Today i was driving to work (read: place i go that pays me to do something i love), and i was behind a truck belonging to a very well known bread and restaurant company. On the back of the truck was a picture of a very appealing looking loaf of bread, ostensibly right out of the oven, with the caption under it reading: "Unsliced Bread...the Best Thing Since Sliced Bread". i stopped and stared at it (well...i didn't have a choice...there was a red light...and i am a law abiding citizen), and i felt a slight sense of intrigue and maybe a bit of condescension...
Don't get me wrong, i love the occasional ironic turn of phrase. no one appreciates plays on the English idiom more than I. especially when they might prey upon standardized, socially acceptable norms. maybe I'm just a rebel at heart clothed in this disguise of a rule lover...whatever the reason, i do love all the nuances involved in turning a phrase on its head to do anything from getting a laugh to making a point...philosophical, sociological, metaphysical, theological, or otherwise.

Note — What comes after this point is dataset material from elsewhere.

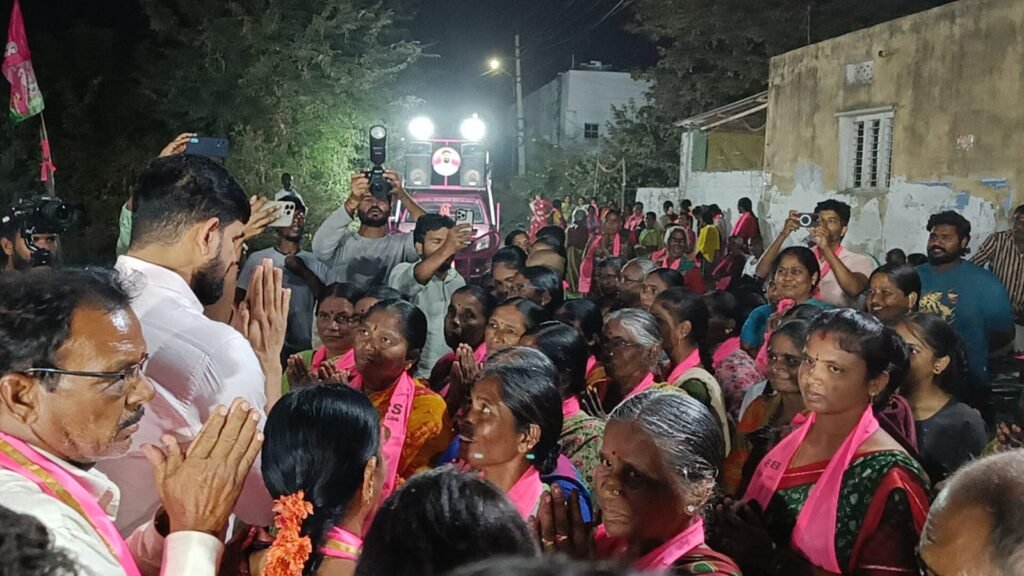 ప్రజల వద్దకు వెళ్లి అభివాదం చేస్తూ నమస్కరిస్తున్న ఎమ్మెల్యే కౌశిక్ రెడ్డి బిఆర్ఎస్ అభ్యర్థి గుంటి వెంకటమ్మ మల్లయ్య…

But...this one got me thinking and musing. So much so that i whipped out my trusty iPhone and quickly snapped out a snarky little response in my "notes" section. (At the stop light)
I looked back on it today and from what i could discern through the hastily typed and oddly autocorrected words (darn you, iPhone!) was that, then, and now, i am fascinated by how much, to borrow the colloquialism, "The more things change the more they stay the same".
No, i am not finally bowing to a cliche to express myself. fear not, i fully intend to broaden the scope of my feelings here. but that is basically what i pounded out on my keypad to express my incredulous feelings. well...honestly not really "incredulous"...much of this culture's fascination with postmodernity and its subsequent infiltration in marketing has lost all surprise for me.
I guess what really struck me was how much we crave to be different. once something becomes the norm we must move on to the next thing lest we become "normal" (gasp!) and therefore, we are told, irrelevant. Remember when Northface was all the rage? phsst, that was SO Jr. High. It's why Mac's, which used to be the norm, then were old news and outdated, are once again so popular in the face of an industry saturated with all things Microsoft. (I admit, it may be trendy and thus regrettable later...but I LOVE all things Mac.)
Why does that statement on the back of a Panera truck strike so many chords? why does it really, honestly, hit home and actually convince people to buy bread there? is it the draw of a bakery that provides a bread buying experience that we associate with some nostalgic time in the past (that neither we, nor our parents, actually had any part of!) so it thus must be profoundly more appealing?
Or is it just the fact that since Panera says it, and it sounds funny and maybe slightly profound...in a rather cheeky way...we feel that its the way we ought to feel? Maybe...but i honestly think its more than that. its really the human heart and spirit to want new. to want better. to want the different. to crave change. In today's space and time we tend to revert back to history, to the old, to the times of yore; craving this eclectic collage of past and present that, broadly, constitutes the core of postmodern culture. And i would never argue that this is always bad. i just wonder WHY. And perhaps more importantly, i wonder how our lives would be different if these urges, embedded deep in our psyche and culture, did not drive our rabid consumerism.